Por Juliana Marton
O caso da Escola Base de educação infantil foi muito repercutido e até hoje é tema de aulas para estudantes de jornalismo. O livro de Alex Ribeiro que traz toda a narrativa do caso mostra como a imprensa (empresa jornalística) trabalha, e como ela usa certos fatos para criar um ambiente de liberdade de informação. O autor aponta o descuido e abusos dessa liberdade, e demonstra como a imprensa pode ser cruel ao adotar fontes que não tem o compromisso com a verdade, como nós jornalistas temos, ou pelo menos, deveríamos ter. A discussão maior gira em torno das conseqüências que as ações impensadas de repórteres e editores geraram ao publicarem em manchetes escandalosas fatos que ainda não haviam sido comprovados, tornando culpado, perante a população, o grupo de suspeitos primários.
Tudo começou no dia 26 de março de 1994, quando numa conversa com o filho, Lúcia Eiko Chang “descobriu” um suposto assédio que seu filho vinha sofrendo nas dependências da escolinha onde estudava. Lúcia, com seu apurado instinto maternal, contatou logo Cléa Parente, mãe de outra criança que estudava na escolinha. As duas, então, resolveram contatar a polícia para comunicar a suspeita de abuso. Claro! Mais do que correto. No entanto desde esse momento começou uma busca louca por provas que sequer existiam, e por culpados que até hoje não se tem certeza de que realmente existiram.

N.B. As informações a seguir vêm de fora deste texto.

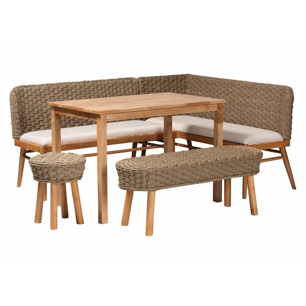 Denver 5-Piece Natural Seagrass and Oak Brown Wood Top Dining Set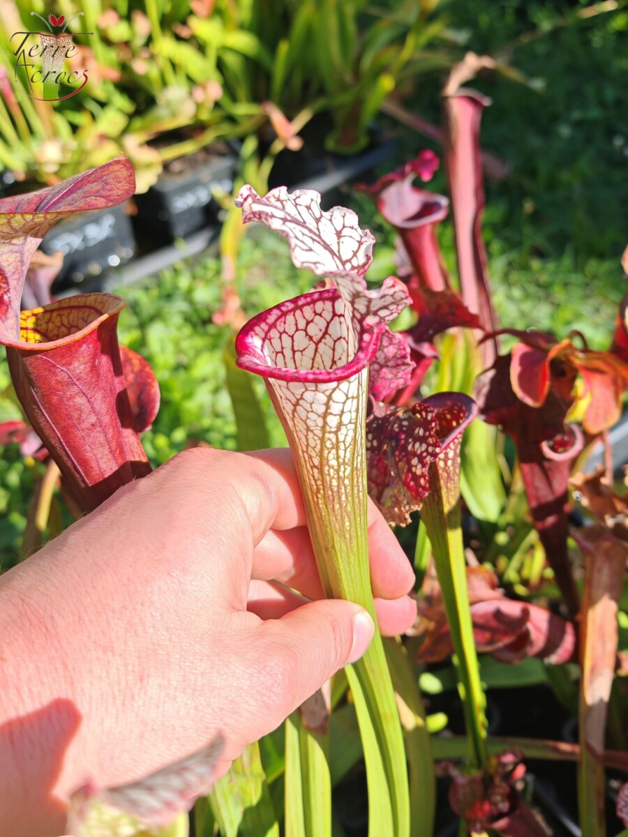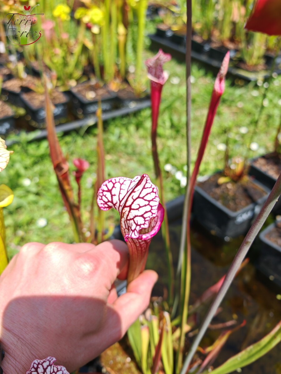 Magnifique Sarracenia hybride obtenu à partir de nos graines. A l’ouverture les pièges ont une magnifique couleur rose qui tourne rapidement sur un rouge bordeaux avant de s’éclaircir en maturant pour finir blanc avec une lèvre bien contrastée de rose. Très jolie plante qui sort du lot en collection.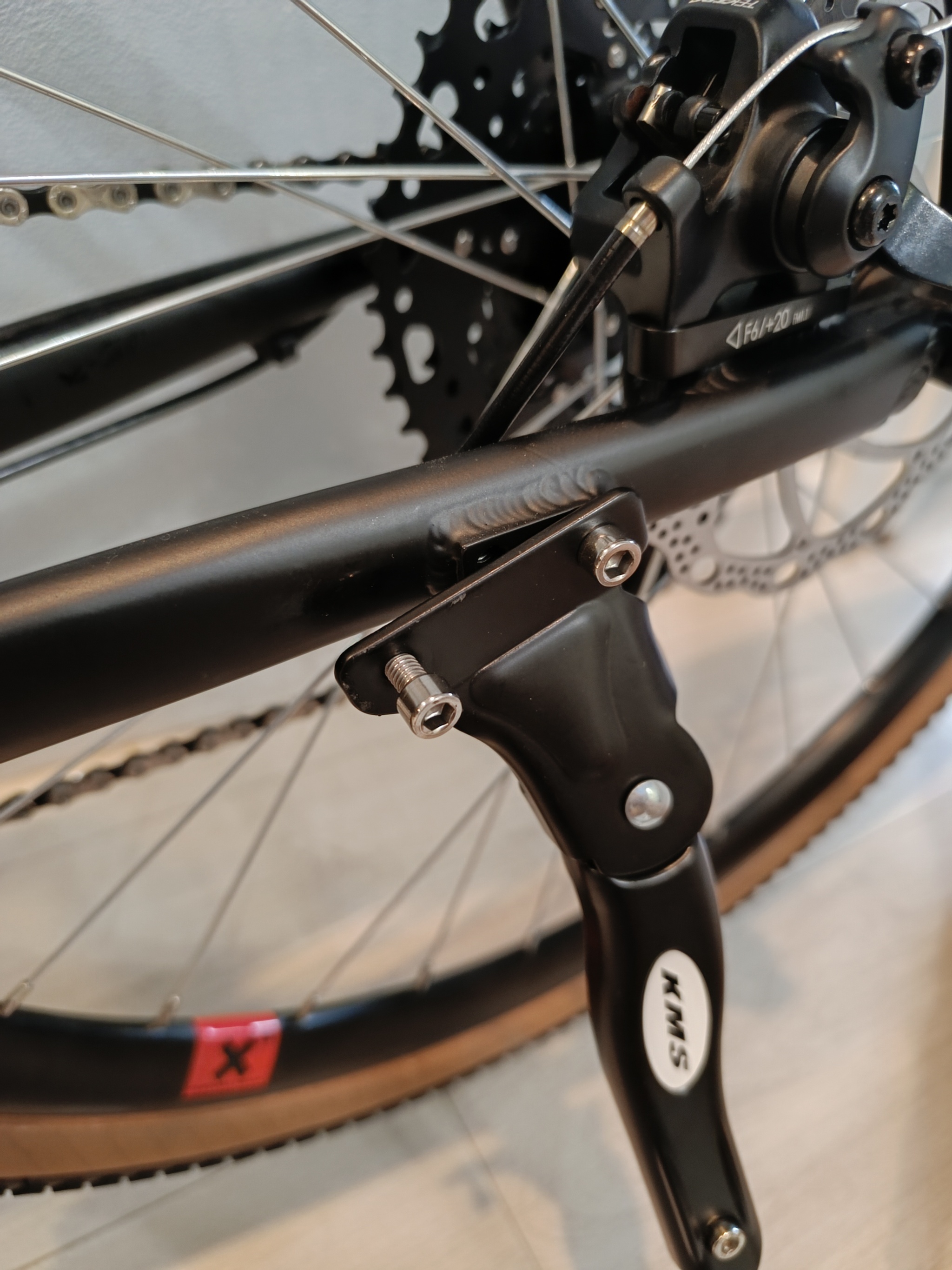 Долго думал брать или нет подножку, решил на всякий случай иметь в запасе, для поездок чисто в городе, но не угадал. Лень было сходить и замерить расстояние. Думаю, просверлю два новых отверстия и закреплю по центру. Подножка в целом нормальная, по высоте регулируется, алюминиевая, 300 грамм веса.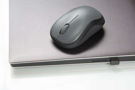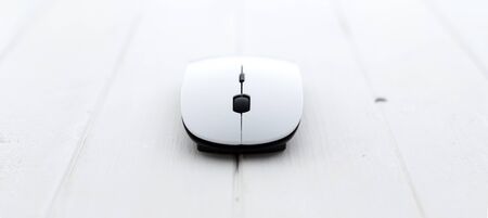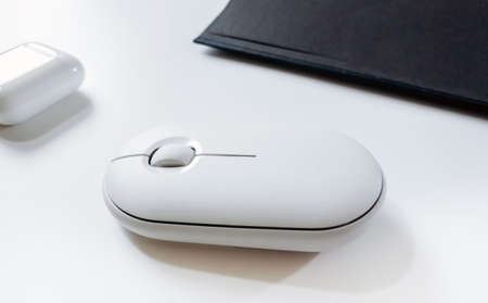 Computer wireless mouse next to a laptop on a white table close-up. electronic personal industry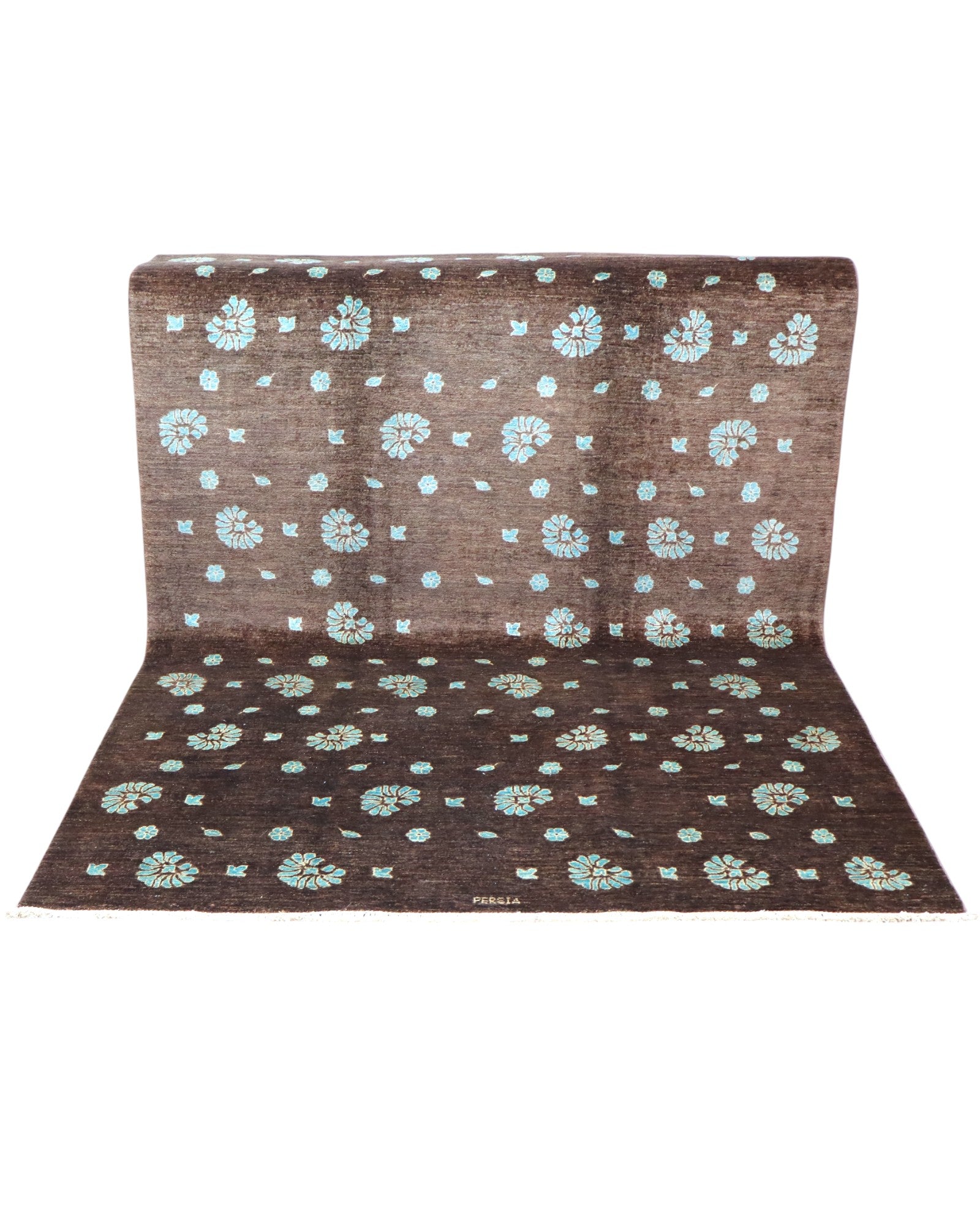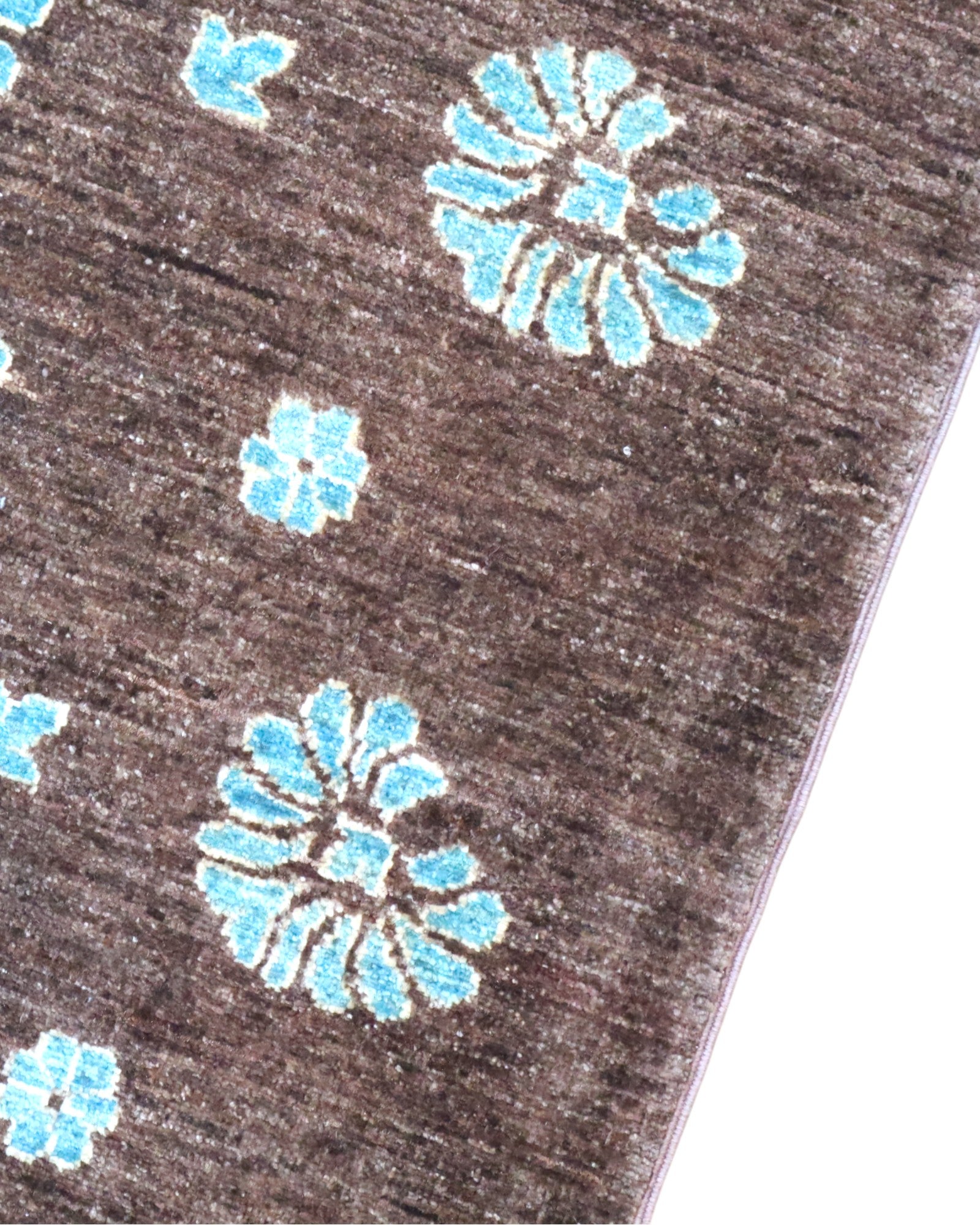 The design features an elegant brown background enriched with small blue floral motifs arranged regularly across the entire surface. The contrast between the dark background and the bright, vibrant details gives the rug a luminous and light feel.

O erro, em princípio, não foi das mães por quererem descobrir a verdade quanto à situação de seus filhos, mas sim o processo que abarcou todo o caso, partindo do comportamento leviano da polícia e concluído na insanidade da imprensa. Desde o começo viu-se um delegado tentando promover-se em benefício do fato que ganhou enorme repercussão, e uma mídia sedenta por notícias quentes em pleno feriado prolongado. Durante toda aquela semana sucederam-se horrores, que se viam claramente retratados pela imprensa. Foi um verdadeiro espetáculo, no qual o “denuncismo” e a busca desesperada por um furo de reportagem dominaram a todos aqueles profissionais da notícia.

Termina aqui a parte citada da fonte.